“The last EMO Hannover had already shown that Industry 4.0 has arrived in the machine tool industry,” says Carl Martin Welcker, General Commissioner of the EMO Hannover 2019. “As the world’s leading innovation platform, we are progressing this trend by focusing on the next development step in production operations: the technical options opened up by digitalisation and networking, which are being increasingly reflected in new business models,” he adds. “This doesn’t mean that in future we shall no longer be working on optimising machines and processes in the traditional way. I am, however, confident that quantum leaps forward in terms of productivity, quality and reliability will be triggered primarily by the new technologies. So in 2019 we will be seeing an abundance of solutions that implement new services for the machine tool industry’s customers.”


Rendering data intelligently usable

For new business models on a broad front, first of all the immense quantities of data generated by digitalisation and networking of machines and processes have to be reduced to a usable level. Because only if you can extract the relevant data (Smart Data) from the superabundance of Big Data can you derive an entrepreneurial benefit from Industry 4.0. Last year, scientists at the German Academic Society for Production Engineering (WGP) in their position paper on Industry 4.0 had already published an action guide, and shown how Big Data can be rendered manageable using the data mining method, for example. Besides this guide, the professors at the WGP contribute their state-of-the-art expertise to other bilateral arrangements between the industrial sector and the academic community. Not least, they utilise the EMO Hannover in order to showcase for a global public the projects they are conducting together with industrial partners.

 

Utilising artificial intelligence

In recent years, artificial intelligence (AI) has achieved some amazing breakthroughs. One of its capabilities, machine learning, enables machines and processes to optimise themselves with the aid of Smart Data. They detect patterns in data flows, and derive the appropriately responsive actions. The system learns from every situation.

Artificial intelligence has already arrived in our everyday reality. To ensure that the mechanical engineering sector also benefits from this, the VDMA has published a study entitled “Machine Learning 2030”, which is intended as a kind of roadmap. The recommendations for companies, politicians and researchers are currently being firmed up and implemented in a VDMA working group. It’s now only a question of time before this futuristic scenario, too, arrives in the factories. The automotive industry, for example, is already making massive use of artificial intelligence, and entering into appropriate alliances. This is adequately exemplified by the cooperative arrangement between Mercedes-Benz and the graphics-chip manufacturer Nvidia. Together, they are aiming to put an AI-based vehicle on the road in the next few years. For machine tool manufacturers, too, artificial intelligence offers an abundance of potential.

 

Utilising new economic structures

There is fresh evidence almost daily that the use of Industry 4.0 is helping to develop new economic structures. More and more platforms are being created, on which manufacturers and service providers can support their customers from a single source using a product-themed approach. So machine tool manufacturers, too, will be well advised to seize the opportunity and take this trend on board. Because the trend towards a platform economy is unmistakeable, as current studies show.
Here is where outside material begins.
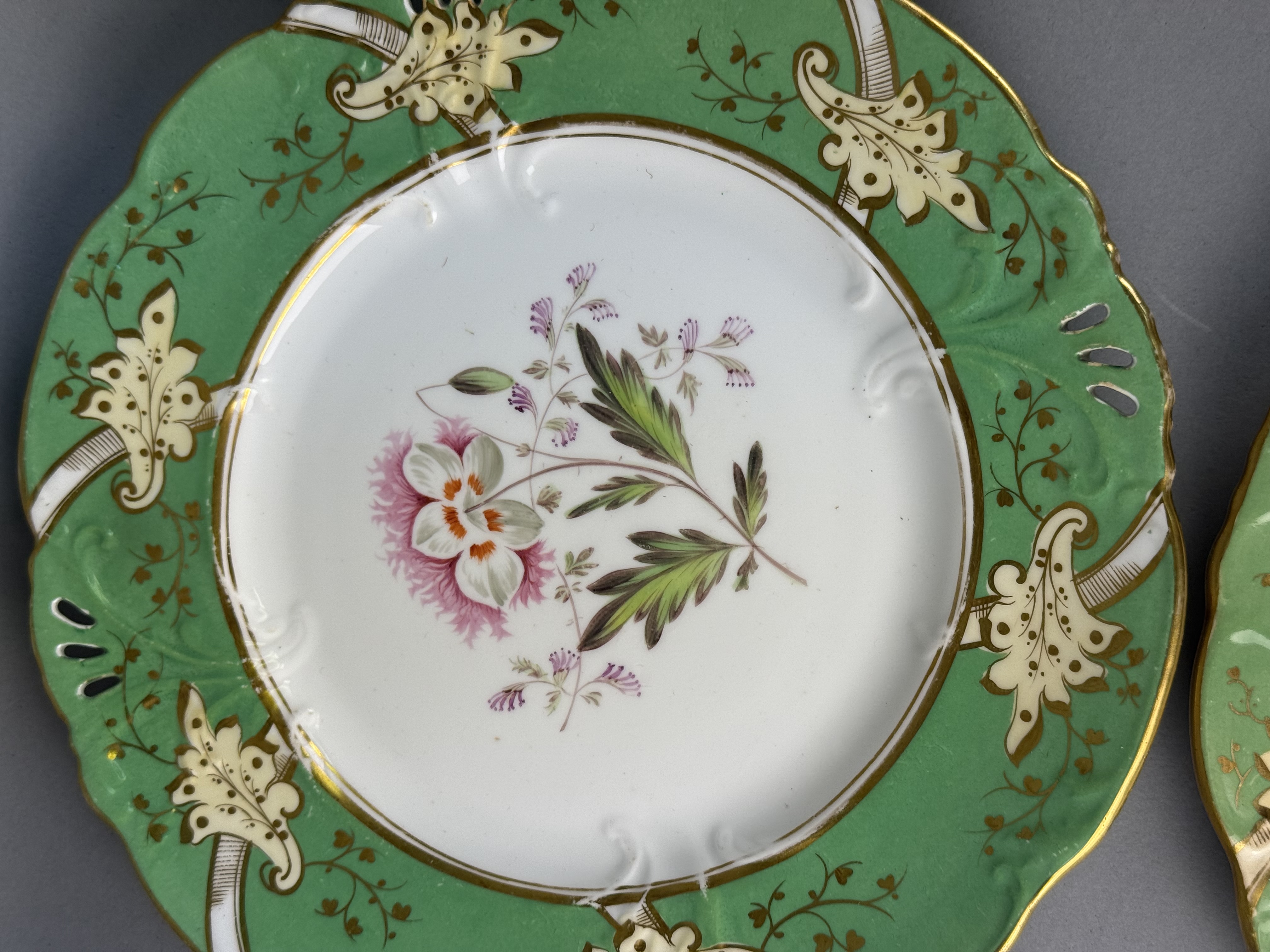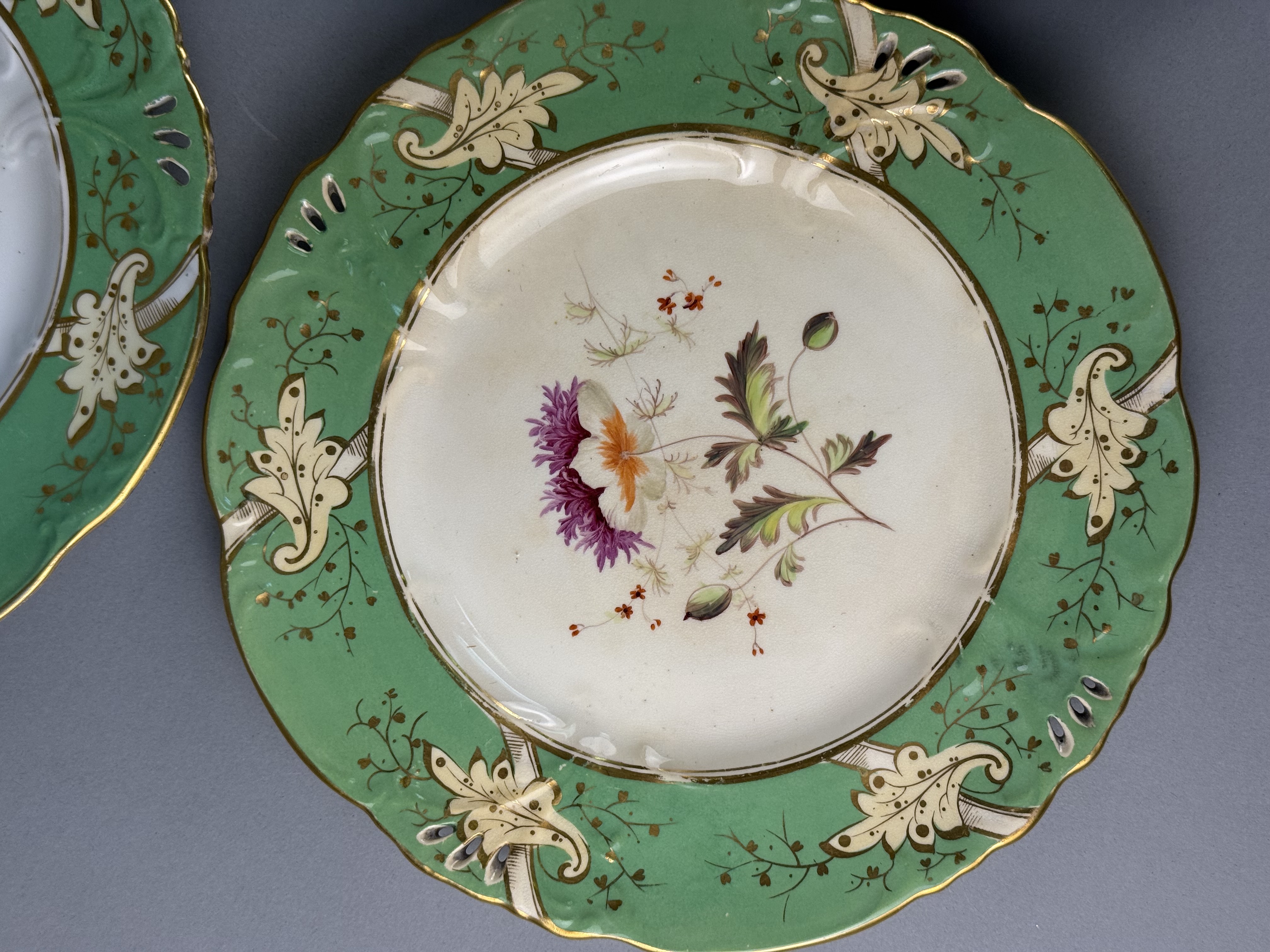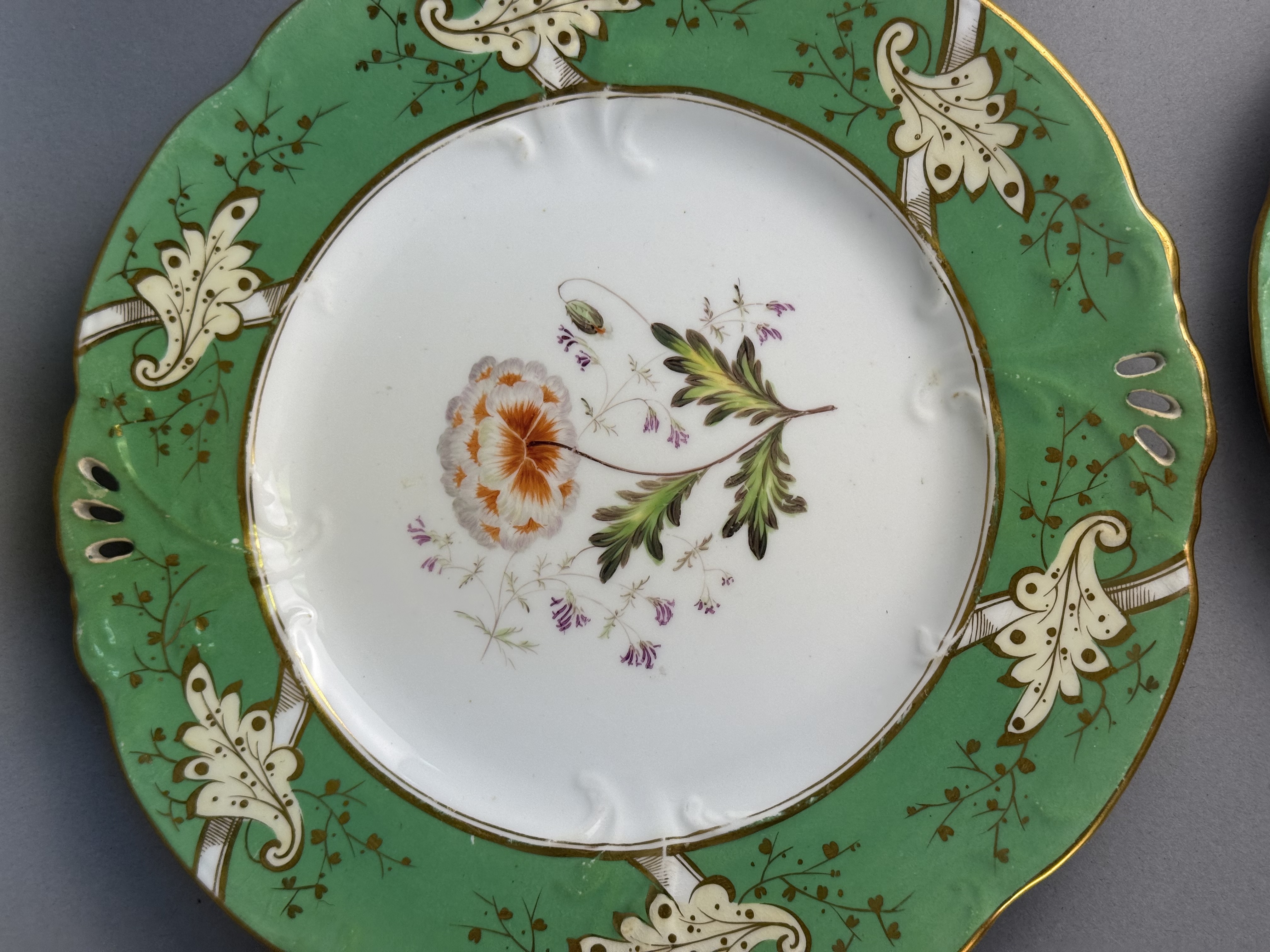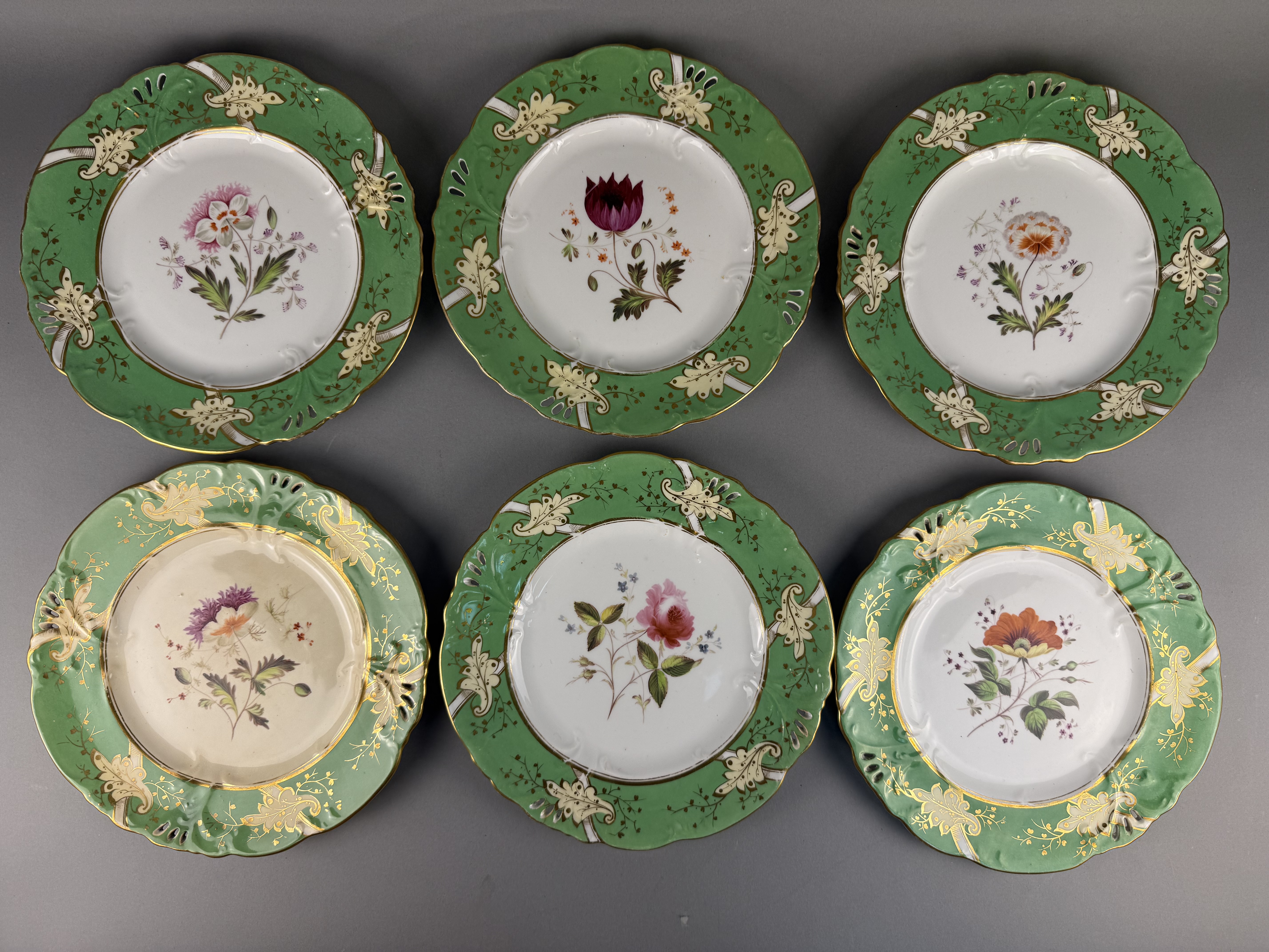 A set of porcelain dessert plates featuring central hand-painted polychrome enamel botanical studies, including specimens such as roses, tulips, and pansies. Each plate is designed with a wide apple-green ground border enriched with molded foliate and acanthus scroll motifs in a cream tone. The borders are further decorated with gilded vine-and-leaf patterns and finished with scalloped, gold-rimmed edges. Several plates in the group incorporate reticulated or pierced sections within the molded border design. The reverse of at least one plate bears hand-painted red marks consisting of the numerals 1904 and a script 2. The form and decoration are characteristic of mid-19th century Paris porcelain, often attributed to decorators such as Feuillet or Boyer.

There are already some examples here, like Virtual Fort Knox, a Cloud-IT platform for production companies created by the Fraunhofer Institute for Manufacturing Engineering and Automation (IPA) in Stuttgart. “It functions as an IT backbone for Industry 4.0 solutions, and networks production companies with software vendors and machinery manufacturers. But IT companies, control system and machinery manufacturers will also be offering their solutions.

“We are seeing how new technologies are influencing and even driving forward developments in the machine tool industry,” says General Commissioner Carl Martin Welcker. “By September 2019, numerous specific solutions will be available on the market. I can say this with confidence, since many EMO exhibitors will be using this international shop window, in order to showcase their corporate capabilities and enhance their profiles.” Industry 4.0, he adds, creates new customer needs, to which machinery manufacturers must respond in order to remain competitive. Companies that are quick to embrace this new form of economy can not only utilise the trend for new business ideas, but also get actively involved in designing the platforms concerned. Interested parties will once again find inspiration and specific examples of innovative solutions in Hanover in September 2019.